I'm pretty well in the camp of not wanting kids-- at least, not my biological own kids, though I'm strongly considering becoming a foster-mom or something similar... but I'm surprised to note that almost everyone who's posted here seems to be pretty strongly in favor of children.

Did I misunderstand the purpose of this community? Is it for mothers who aren't sure how they feel about being mothers, or for women who are honestly trying to decide whether or not to have babies? Do you count someone who wants to adopt or foster a child as a "yes" or "no" for children?


It also seems like most women, like me, object more to the idea of pregnancy and birth (let's face it-- it may be a "miracle" but it sure doesn't sound comfortable!) than to raising a child. Another big objection is financial, and that's a good thing to consider. But the real question is whether you (and your partner, if he/she is involved) can make the emotional commitment to raising a child-- kids need patience, attention, and require you to learn a *lot* of stuff-- medical care, nutrition, and education of a child is all very different from taking care of an adult.

I guess my point here is-- as much as you wonder what's right for you, you also have to wonder what's right for your prospective child. I'm not trying to say you shouldn't have kids-- just be aware that you're bringing them into a demanding, busy, over-crowded, and not very healthy world, and that you will have to be the one looking out for their best interests. If that isn't a commitment you feel up to making, you're not doing your possible child a favor by giving into the "mommy craving" that we all get from time to time. Get a puppy to cuddle instead.


I didn't really mean this to turn into such a cautionary post. I've been studying some sociology lately, and I'm just appalled by the statistics of how often children are abused, abandoned, or even mistreated by people with the best intentions. So-- while I agree that every woman is unique and should make her own decision, I make a general case against bearing children on two counts:

1) If you are at all unsure about whether you would be a good mom, don't be one. Be honest with yourself-- not everyone has it in them, and there's nothing wrong with you if your talents lie elsewhere. It's the 21st century, and a woman has many fulfilling life options beyond "wife and mother".

2) Think long and hard about how important it is to have your own DNA involved.
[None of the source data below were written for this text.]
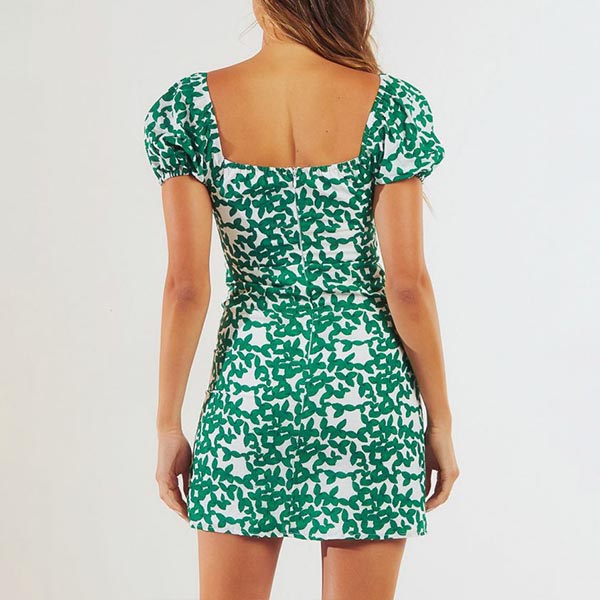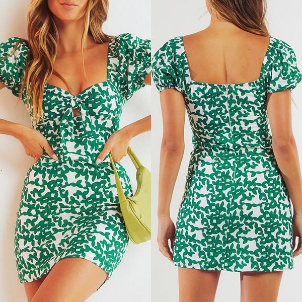 Fresh Style Short Sleeve Knotted V-neck Slim Fit Printed Dress
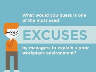 The document discusses five workplace trends aimed at creating a great work environment, emphasizing the importance of trust, pride, and camaraderie between managers and employees. It encourages managers to eliminate the excuse of lacking time and offers actionable suggestions such as thoughtful recognition, thorough onboarding, and demonstrating the real-world impact of employees' work. By focusing on these relationships, managers can foster a more positive and engaged workplace culture.
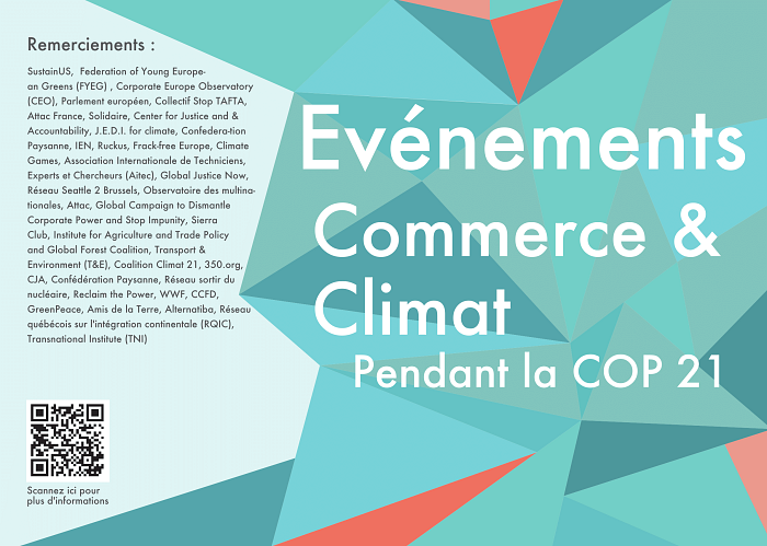 Nous, organisations française de la société françaises, syndicats, mouvements paysans, communautés, mouvements de citoyens, qui nous battons contre la politique commerciale de l’Union européenne, faisons appel à vous, nos alliés, nos camarades, partenaires... partout dans le monde, pour nous rejoindre dans les mobilisations qui se dérouleront autour de la Conférence Climat de Paris, en décembre prochain.

If you are good mother material, there are hundreds of babies born every day who desperately need someone like you. I get very upset sometimes at pro-lifers (yes, I'm pro-choice) who scream about killing something smaller than a tadpole when there are so many real live children starving to death every day. If you want to care for a child, there are a lot of them out there to care for. Does you really need to grow your own?


Again, I'm not trying to come down on anyone who does want kids... I'm just really urging women to make a decision that's informed by more than cultural brainwashing. Don't worry-- the human race isn't in any danger of dying out if you don't contribute. And if you do want a kid, make sure you know why, and aren't just doing it because you feel peer-pressure from your friends/family/husand/church.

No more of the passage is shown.